AVAILABLE DATA:
Start of Block
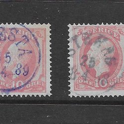 Nr45 med färgade stämplar GNESTA 15.4.89, STEHAG 25.4.88
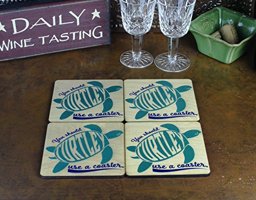 Turtle Coasters | Set of 4 | You Should Turtley Use a Coaster by Wooden Shoe Designs | UV Printed Design
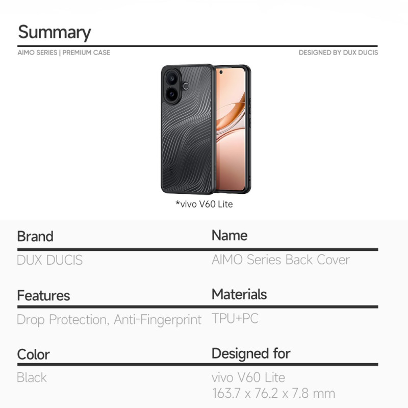 Suojaa Vivo V60 Lite 5G -puhelimesi tyylikkäästi DUX DUCIS Aimo -kotelolla. Sen kaksikerroksinen rakenne tarjoaa vankan suojan jopa 1,2 metrin korkeudesta putoamista vastaan, ja se on SGS-sertifioitu. Tyylikäs mattainen muotoilu sujuvilla linjoilla, mukava ote.
End of Block
WHAT THE TASK REQUIRES:
The answer should match the data above word for word, with no pictures in it.

RESPONSE AREA:
 Nr45 med färgade stämplar GNESTA 15.4.89, STEHAG 25.4.88
 Turtle Coasters | Set of 4 | You Should Turtley Use a Coaster by Wooden Shoe Designs | UV Printed Design
 Suojaa Vivo V60 Lite 5G -puhelimesi tyylikkäästi DUX DUCIS Aimo -kotelolla. Sen kaksikerroksinen rakenne tarjoaa vankan suojan jopa 1,2 metrin korkeudesta putoamista vastaan, ja se on SGS-sertifioitu. Tyylikäs mattainen muotoilu sujuvilla linjoilla, mukava ote.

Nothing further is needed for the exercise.